The jibe about being a “pervert” is a deeply unpleasant part of the same issue. It’s easy to see why an individual man might see this as a curtailing of his liberty, and even a form of social coercion. There are plenty of conservatives who will argue that male sexuality is “demonised” in today’s culture. But here again, it is a question of male power and domination. The images of male sexuality which our society perpetuates are often linked to violence. Men are imagined as sexually voracious, dominant and aggressive. Men talk about “banging”, “having” or even “ruining” women, when they mean having sex.
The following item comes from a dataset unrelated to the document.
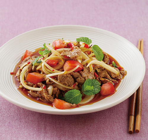 牛肉片120公克、蒜末20公克、红辣椒丝20公克、洋葱丝50公克、薄荷叶5片
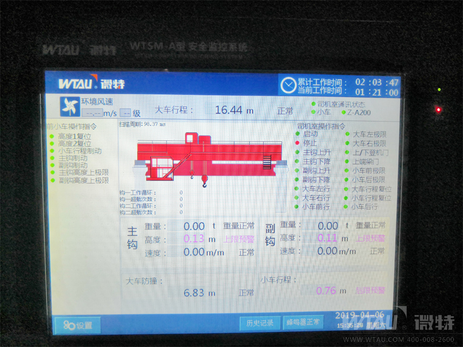 微特WTSM-A型起重機(jī)安全監(jiān)控系統(tǒng)具有實(shí)時(shí)監(jiān)控,動(dòng)態(tài)顯示,聲光報(bào)警,數(shù)據(jù)存儲(chǔ),斷電記憶以及密碼保護(hù)等功能,且儀表本身設(shè)計(jì)具有抗干擾性強(qiáng),操作界面方面,通用性強(qiáng)等優(yōu)點(diǎn)。經(jīng)過微特技術(shù)工程師的現(xiàn)場安裝調(diào)試完后順利通過了客戶及當(dāng)?shù)靥貦z機(jī)構(gòu)的驗(yàn)收,贏得了客戶的認(rèn)可,也為我們今后在淄博地區(qū)業(yè)務(wù)的深入開展起到了一個(gè)良好的開端。

The language of sex in movies, music and advertising is often indistinguishable from the language of harm, possession and violence.
When sexuality is imagined as a power imbalance between men and women, an assumption creeps in that imbalances of power are somehow inherent to sex. The mainstreaming of BDSM imagery over the last decade or so has been curiously one-sided, in ways which reveal this assumption. Rough sex and domination are frequently read as naturally sexy if they involve a man as active and a woman as passive, but kinky if that is reversed. Young women report young men demanding sexual acts which they find degrading or painful not as edgy experimentation, but as a sexier version of mutually pleasurable sex. Female weakness and male control are coded as the conditions for good sex to take place.
In this situation, men can hardly be surprised when they are viewed as threatening to vulnerable people in society, and if that threat even becomes coded as sexual. When “teen” is one of the most frequently searched categories of porn, when no-one asks why a woman in her twenties dressing up as a schoolgirl is assumed to have put on a sexy costume, when male sexuality is framed as the exertion of power over a vulnerable partner, can we really be so shocked? It is an insult to the good intentions and the professionalism of men who work with children, but the grammar of that insult was developed by men, not by women. Suspicion directed against these men is a horrible outworking of male power and male violence, not evidence that women are sexist against men.